A recent Court of Appeal judgment has considered exclusion clauses within an IT dispute and a party’s ability to claim for wasted expenditure when implementation of an IT project runs into difficulties.


The case concerned a contract for the supply of an IT system which excluded liability for “indirect or consequential losses, or for loss of profit, revenue, savings (including anticipated savings), data … goodwill, reputation (in all cases whether direct or indirect), even if such Losses were foreseeable and notwithstanding that a party had been advised of the possibility that such Losses were in the contemplation of the other party or any third party”.  The system was delayed and towards the end of the contractual term the supplier terminated for the customer’s non-payment of an invoice in the sum of £2.9m.  The customer had attempted to dispute the invoice, relying on the delays to the project, but the supplier treated the non-payment as a repudiatory breach.  The customer claimed damages of £132m representing its wasted expenditure.


At first instance it was found that the supplier had wrongfully terminated the contract and the customer, in principle, had a claim for wasted expenditure.  However, it was also found that such a claim was entirely excluded by the exclusion clause in the contract.  The customer appealed on the construction of the exclusion clause.

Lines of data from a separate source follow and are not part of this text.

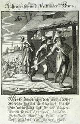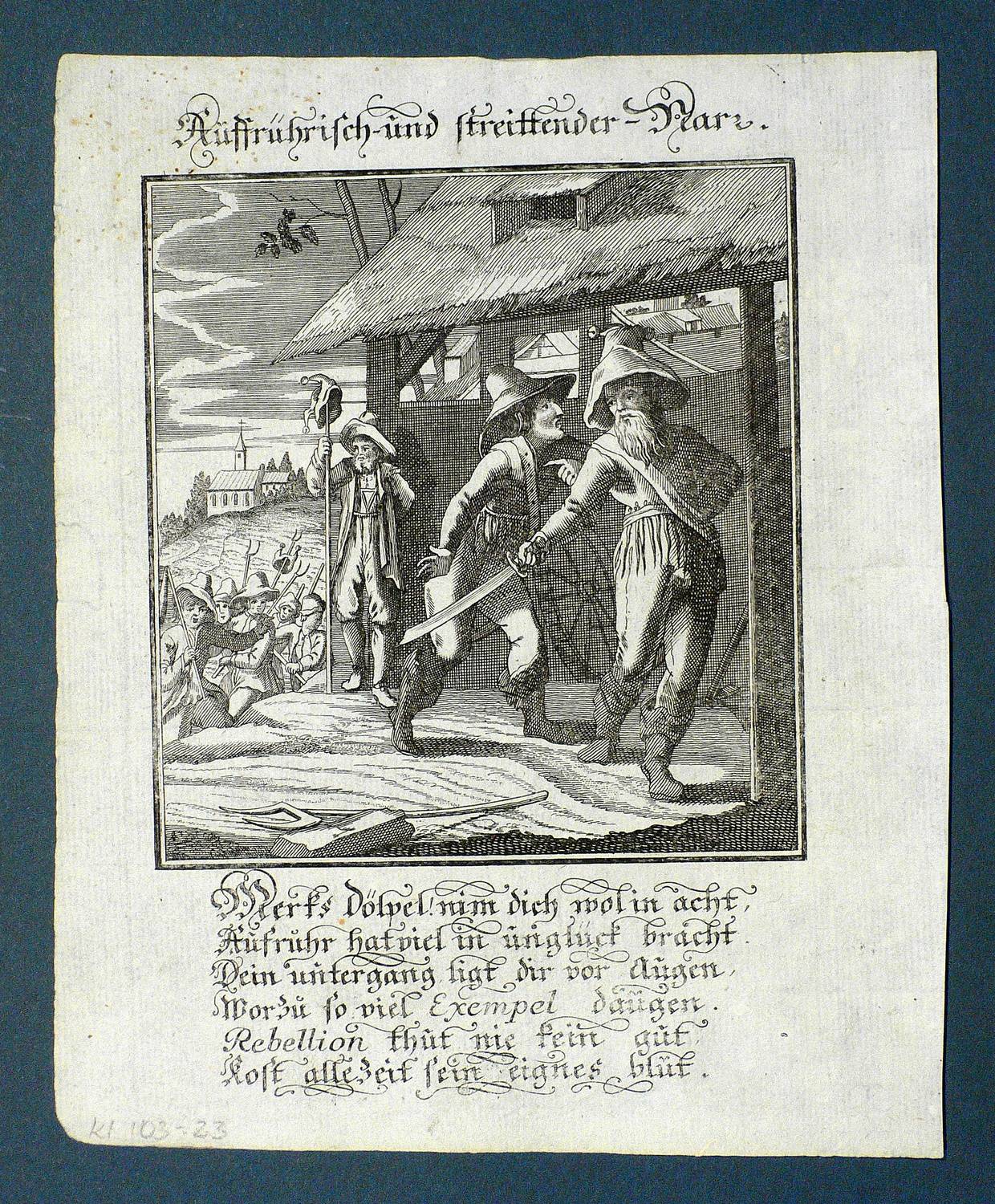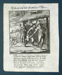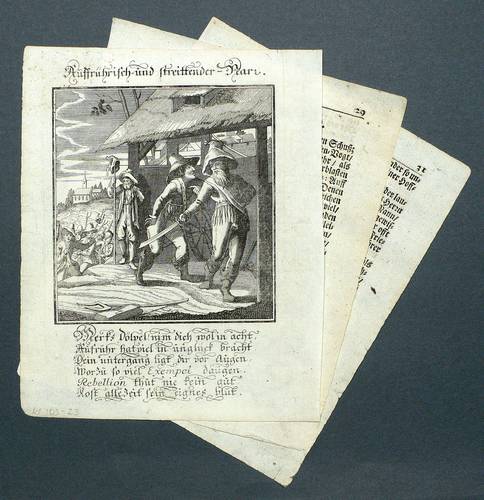 Aus: Abraham a Sancta Clara, Centi-Folium Stultorum In Quarto Oder Hundert Ausbündige Narren, In Folio (Nürnberg / Wien: Weigel / Lercher 1709). – Oberhalb der Darstellung betitelt. Darunter die Verse: ″Merks dölpel! nim dich wol in acht, / Aufruhr hat viel in unglück bracht. / Dein untergang ligt dir vor augen, / Worzu so viel Exempel daugen. / Rebellion thut nie kein gut, / kost alle Zeit sein eignes blut.″ – Die 65 enthaltenen Kupfertafeln des ″Centi- folium stultorum″ sind ursprünglich 1690 für das Werk ″Ein Schock Phantastn in einem Kasten″ von Christoph Weigel gestochen worden. - Emblematische Darstellung eines bewaffneten Aufrührers und der aufgebrachten Menge im Hintergrund. – Partiell marginal fleckig und wellig. Ein Textblatt mit wenigen kleinen Wurmlöchern, sonst dem Alter entsprechend guter Zustand.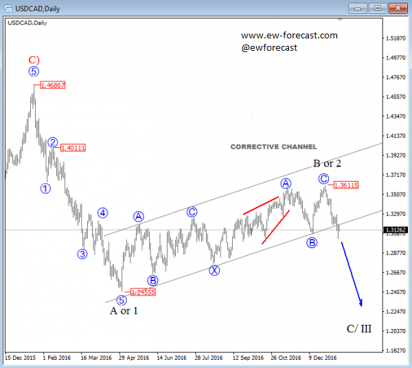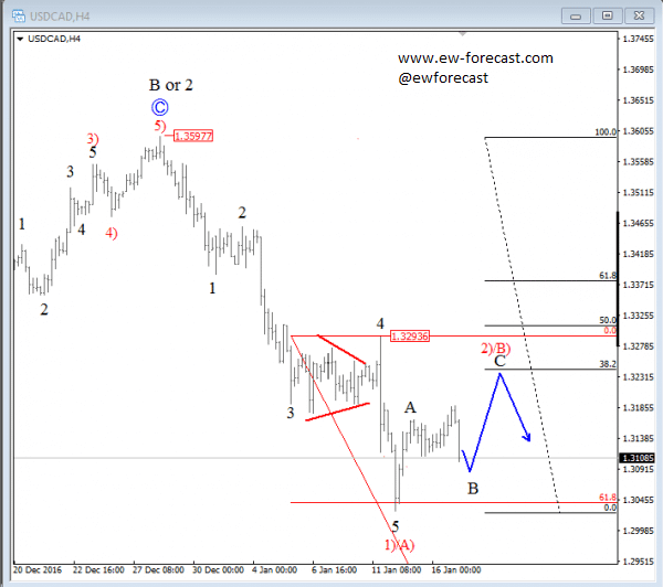 On the lower degree chart, USDCAD is still turning sharply down from a new high that was reached at the end of December near the 1.3600 level. This impulsive drop we labeled as an ongoing wave 1) or A) that appears finished based on a turn up from our Fibonacci projection level the past week. Intraday recovery is sharp, like a small impulse that belongs to a new three wave temporary rally. We are tracking red wave 2)/B) which can revisit 1.3250-1.3300 resistance area before downtrend resumes this week.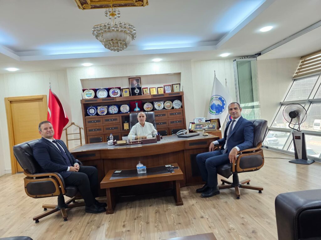 Vakıfbank Erzurum Bölge Müdürü Alptürk Öner CEYLAN,Ağrı Şube Müdürü Erdem AĞBULUT Ağrı Ticaret ve Sanayi Odası Yönetim Kurulu Başkanı Saim ALPASLAN’ı makamında ziyaret ettiler.Nazik ziyaretleri için kendilerine teşekkür ederiz.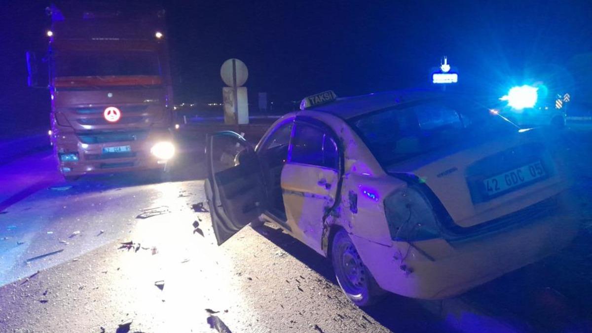 Kaza, Karapınar-Konya yolu 3. kilometresinde meydana geldi. Edinilen bilgiye göre, C.Ç. yönetimindeki 42 CCA 81 plakalı tır, D.A. idaresindeki 42 GDC 05 plakalı ticari taksiyle çarpıştı.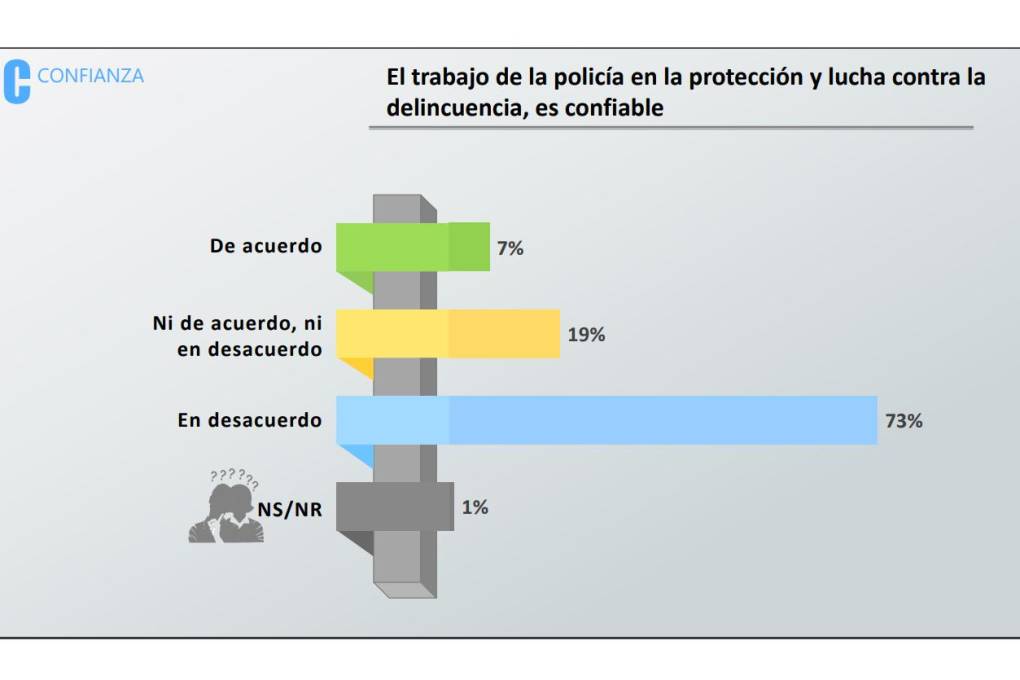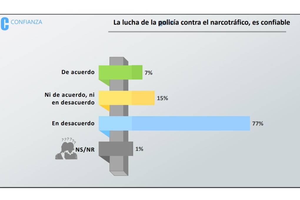 En el caso de la Policía, el 73% de los encuestados dijo que no confía en el trabajo de esa institución en la lucha contra la delincuencia, mientras que el 77% dice que desconfía de su labor en materia de lucha contra el narcotráfico.

The Court of Appeal held the judge had incorrectly found that the exclusion clause excluded the customer’s wasted expenditure clause relying on the following reasons:

Natural and Ordinary Meaning: “wasted expenditure” did not appear in the exclusion clause  and the wording used did not cover it.    Furthermore, as the parties had included some specific examples within the clause and chosen not to include wasted expenditure, the court said that, on the principles of construction, the parties cannot have intended to exclude liability for wasted expenditure;

Clear Language: the court noted that, “the more valuable the right, the clearer the language of an exclusion will need to be”.  A claim for wasted expenditure by the customer was one of the most likely claims and therefore wording needed to exclude this claim would need to be clear and obvious however, in this case, no wording was included at all;

Types of Loss: the court noted that loss of profit, revenue and savings included losses of a similar kind as they all compensated the customer for the benefits it expected to derive as a result of the new IT system.  However a wasted expenditure claim compensates the customer for being worse off as a result of the breach and therefore the exclusion clause did not include these kind of losses;

Loss of Bargain: The clause did not operate to exclude types of loss such as the need to re-procure an IT system from another supplier. If it did, a claimant would be left with limited recourse for its loss of bargain which would be harsh and unfair;

Previous decision: the first instance judgment was in direct contrast to an earlier decision with no accepted reason for distinguishing the two cases.


The decision has provided some welcome clarity on the contractual construction of exclusion clauses and in particular claims their relationship with claims for wasted expenditure.  Overall, the decision

 shows that the court is primarily concerned with the natural and ordinary meaning of words used and if the language is unclear or ambiguous it will be construed against the party seeking to rely on it.  If

 the parties wish to exclude liability for wasted expenditure then they must do so in clear terms – themore valuable the right, the clearer any exclusion clause must be.